Acid gas removal (“gas sweetening”) is usually done with amine scrubbers — aqueous solutions of MDEA, MEA, or DEA that chemically absorb H₂S/CO₂ in tall absorber towers before thermal regeneration. Dozens of sweetening processes exist, but “regenerative absorption into a liquid agent” is overwhelmingly used; amine plants routinely achieve H₂S below pipeline specs (typically <4 ppm) (gasprocessingnews.com) (gasprocessingnews.com). Commercial packages such as CO₂/H₂S removal amine solvent are specified in this role.

Sulfur recovery typically follows. The H₂S‑rich “acid gas” from amine units is converted to elemental sulfur in a Claus plant; modern Swiss‑site installations achieve >99% recovery, producing sulfur (S₈) for sale into fertilizer value chains.

Hydrocarbon dew‑point control protects pipelines and monetizes liquids. Low‑temperature processes or lean‑oil absorption pull out NGLs (ethane, propane, butanes), leaving “sales gas” within dew‑point specs while yielding valuable liquids.

Water removal is essential because raw produced gas is fully saturated with vapor. Almost all gas is dehydrated, most commonly via TEG (triethylene glycol) contactors that deliver typical water contents below ~7 lb/MMscf. For ultra‑dry service — e.g., LNG feed requiring very low dew points (below around −80°C) — molecular sieve (zeolite) adsorption beds are used with periodic hot‑gas regeneration (onepetro.org).

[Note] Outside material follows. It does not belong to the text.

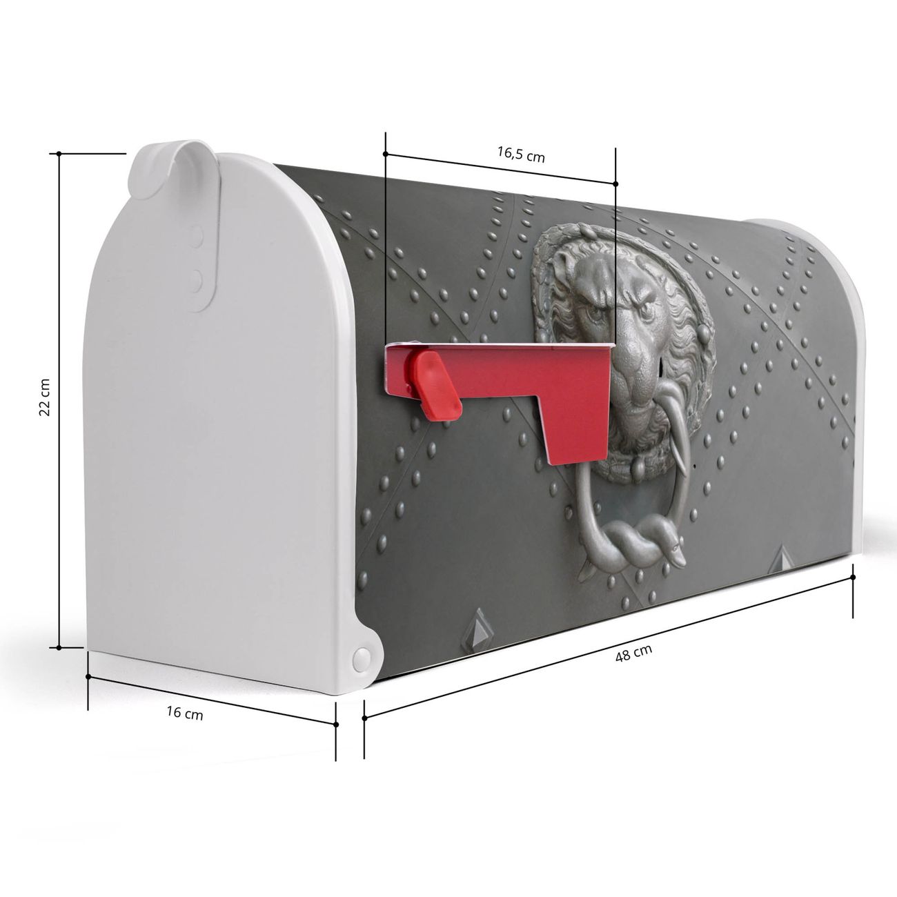 Der amerikanische Briefkasten von banjado mit Eisentor Motiv bietet Ihnen ausreichend Fassungsvermögen, um große A4 Sendungen und Zeitschriften zu empfangen. Die typisch amerikanische rote Fahne zeigt Ihnen an, wenn Sie Post erhalten haben. Die US-Mailbox besteht aus verzinktem Stahlblech welches lackiert wurde und ist 48 x 22 x 16 CM (BxHxT) groß. Die Folie mit Motiv Eisentor besteht aus einer wetter- und UV-resistenten Folie, die mit einem Schutzlaminat überzogen ist, sodass die US Mailbox zusätzlich vor Kratzern geschützt ist. An der Unterkante sind 4 Löcher je Seite um die Mailbox, typisch amerikanisch, an einem Holzpfahl oder einem Zaun zu befestigen. Auf Wunsch können Sie bei uns den passenden Standfuß oder die passende Wandhalterung kaufen um die US-Mailbox sicher zu befestigen. Wir bieten Ihnen ebenfalls Namensschilder, bereits beschriftet oder frei zu beschriften, und verschiedene selbst gestaltete Bitte-Keine-Werbung-Aufkleber.

Trace contaminants demand targeted polishing. Mercury, when present even at minute levels, can poison downstream catalysts; it is removed using adsorbents such as activated carbon or specialty zinc‑sulfide media. Other impurities like mercaptans (RSHs) or particulates are handled with tailored scrubbers or filters as required by spec.

Process selection follows the gas. Very high raw CO₂ may justify physical solvents (e.g., Selexol) or hybrids. Emerging methods — membranes or ionic liquids — are under development but are not yet widespread upstream; in advanced fields, membrane pre‑removal of CO₂ ahead of amines can cut energy use (gasprocessingnews.com). In Indonesia, gas with >50% “impure” components often triggers a technical/economic study to justify sale or flaring under ESDM 17/2021 (flaringventingregulations.worldbank.org).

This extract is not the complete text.